For the Birds: Turkeys are a North American Species

Sunday, November 21, 2021

Female wild turkey stock photo
By Christine Southwick
 
Wild Turkeys are native to North America and can be found wild in every state except Alaska (Hawaii even has some wild turkeys, brought by ships, but then Hawaii has Red Jungle Fowl (wild chickens), so I’m not really surprised.

Turkeys are related to grouse, pheasants, and chickens. 

Wild Turkeys can fly up to 55mph for short distances, and can run as fast as 25mph, so don’t try catching one in the wild. 

They can see three times better than we can, and can see those orange hunting vests, since all birds can see color.

A group of related male Wild Turkeys will court females, but only one member of the group gets to mate. The female will usually have a clutch of 12 eggs.

Wild Turkeys eat acorns, seeds, insects, and even frogs and lizards.

Wild turkeys - stock photo

At sundown they roost in trees. When startled while on the ground the females usually fly away, while the males usually run. Males are bigger, about four feet long, females are about three feet long, and don’t have spurs on their legs, which males do, otherwise they look alike. Both genders have a snood (a dangly appendage on the face), a wattle (the red dangly bit under the chin) and the reddish color on the head is their skin, since they only have a few feathers there.

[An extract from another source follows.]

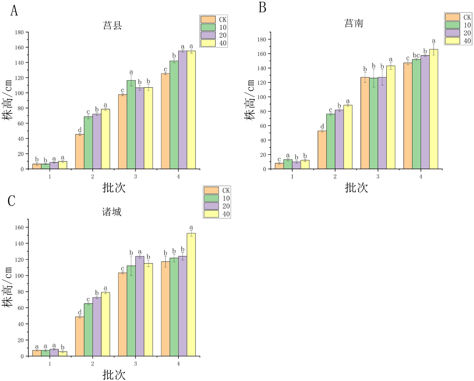 图4. 各烟区在不同牡蛎壳粉施用量下株高的变化,A (莒县)、B (莒南)、C (诸城)

 If you really need to determine their gender, look at their poop: female poop is shaped like a letter j, while males produce spiral-shaped poop (I wonder who funded that study…)

There are 5-6 species of Wild Turkey throughout North America. Washington State has three species which WDFW keeps stocked for hunting purposes. Wild Turkey hunting is second only to deer hunting throughout the US.

The Aztecs domesticated a species, which the Spanish brought back to Europe, and some of these turkey descendants came back with European settlers.  Wild Turkeys have 3,500 feathers, and if you ever had to pluck a Wild Turkey it is a real chore.

And no, Benjamin Franklin didn’t propose the turkey for the symbol of America. What he said was that the Turkey was a much more respectable bird (than the Bald Eagle), and a true original Native of America.